__Problem to solve__: Beginning at the line that contains "Tuy nhiên, điểm", reproduce the entries below exactly, ending with the line that contains "जवाब- यहां वायरल". Omit each picture.

Record excerpts Start Marker

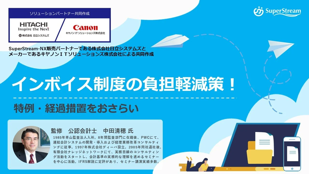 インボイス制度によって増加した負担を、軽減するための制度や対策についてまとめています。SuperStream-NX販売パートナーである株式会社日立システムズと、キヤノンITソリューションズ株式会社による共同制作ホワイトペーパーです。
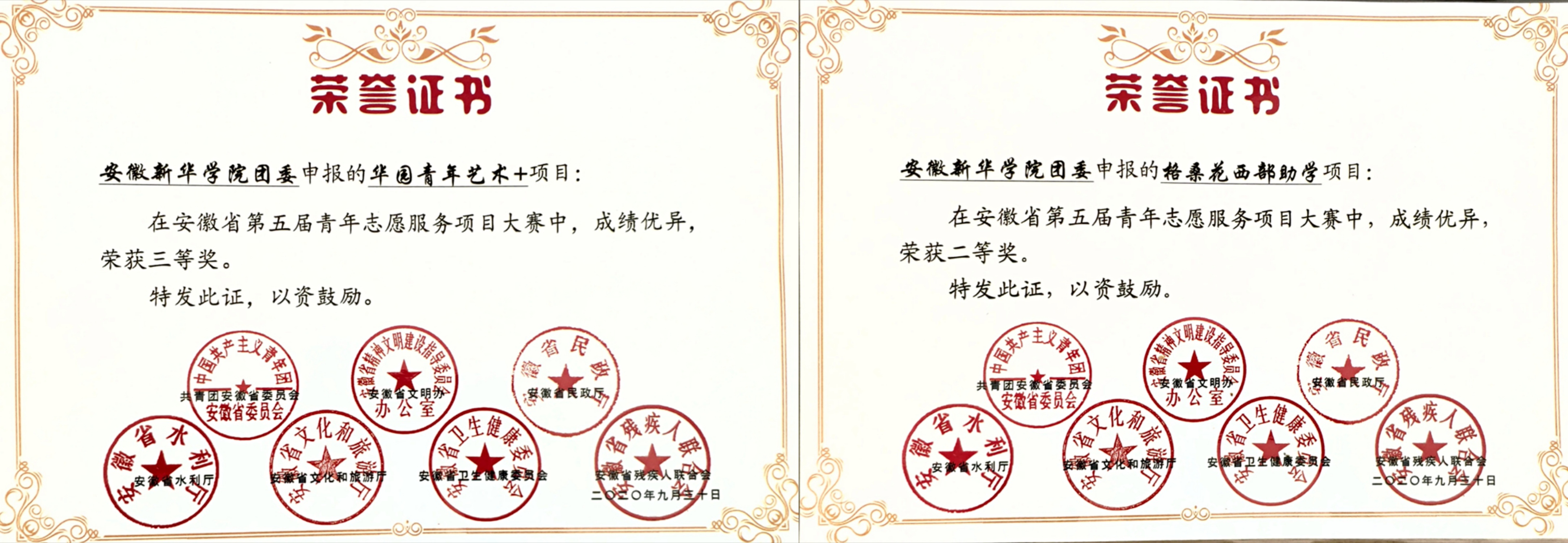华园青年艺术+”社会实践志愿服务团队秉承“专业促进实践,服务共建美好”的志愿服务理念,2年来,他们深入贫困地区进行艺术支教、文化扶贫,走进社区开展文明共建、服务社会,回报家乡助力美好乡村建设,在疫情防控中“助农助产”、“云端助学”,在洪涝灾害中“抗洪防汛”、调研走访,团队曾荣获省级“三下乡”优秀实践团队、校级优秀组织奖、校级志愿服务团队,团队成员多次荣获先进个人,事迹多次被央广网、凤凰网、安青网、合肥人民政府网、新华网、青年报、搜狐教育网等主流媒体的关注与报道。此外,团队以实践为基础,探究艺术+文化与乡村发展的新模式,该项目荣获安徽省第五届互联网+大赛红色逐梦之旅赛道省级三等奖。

Record excerpts End Marker
Record excerpts Start Marker

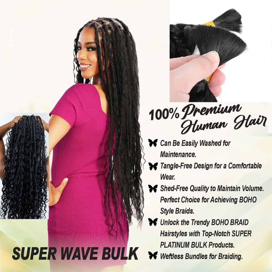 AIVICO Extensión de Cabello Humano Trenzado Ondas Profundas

Record excerpts End Marker
Record excerpts Start Marker

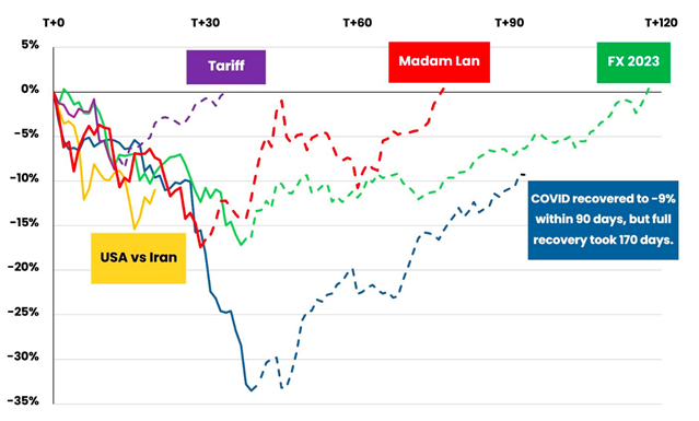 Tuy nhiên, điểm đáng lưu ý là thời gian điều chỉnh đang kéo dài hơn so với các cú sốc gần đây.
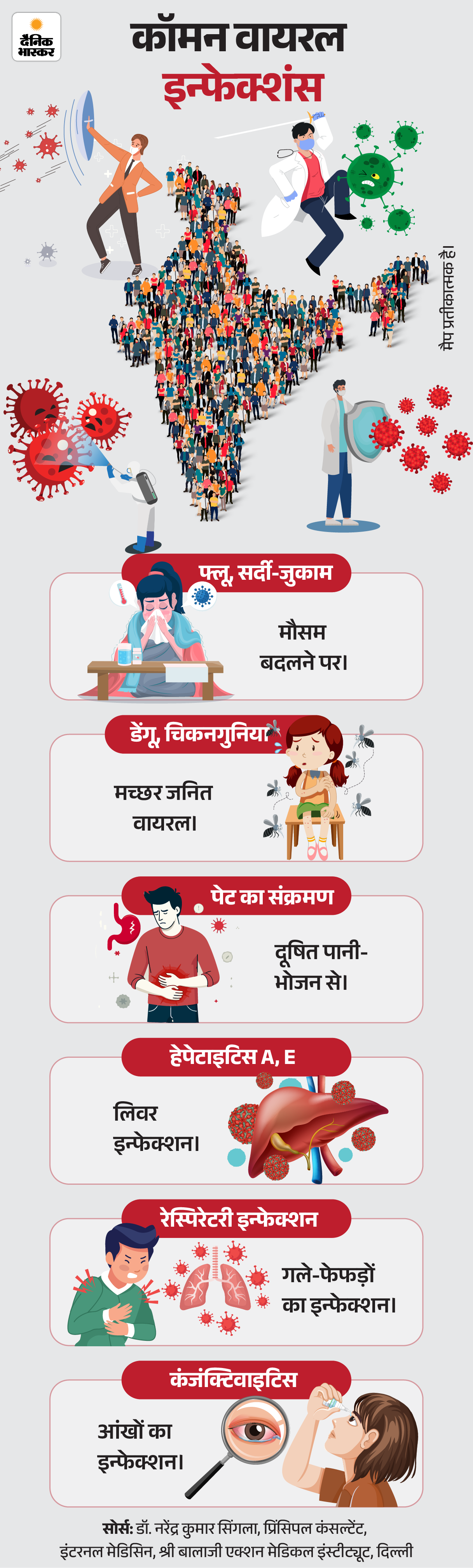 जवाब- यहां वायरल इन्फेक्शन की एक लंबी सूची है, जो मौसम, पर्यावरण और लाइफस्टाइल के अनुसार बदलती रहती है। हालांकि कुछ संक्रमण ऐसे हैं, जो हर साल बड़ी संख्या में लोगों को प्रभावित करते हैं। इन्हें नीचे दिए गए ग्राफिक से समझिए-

Record excerpts End Marker

__Exercise result__:
 Tuy nhiên, điểm đáng lưu ý là thời gian điều chỉnh đang kéo dài hơn so với các cú sốc gần đây.
 जवाब- यहां वायरल इन्फेक्शन की एक लंबी सूची है, जो मौसम, पर्यावरण और लाइफस्टाइल के अनुसार बदलती रहती है। हालांकि कुछ संक्रमण ऐसे हैं, जो हर साल बड़ी संख्या में लोगों को प्रभावित करते हैं। इन्हें नीचे दिए गए ग्राफिक से समझिए-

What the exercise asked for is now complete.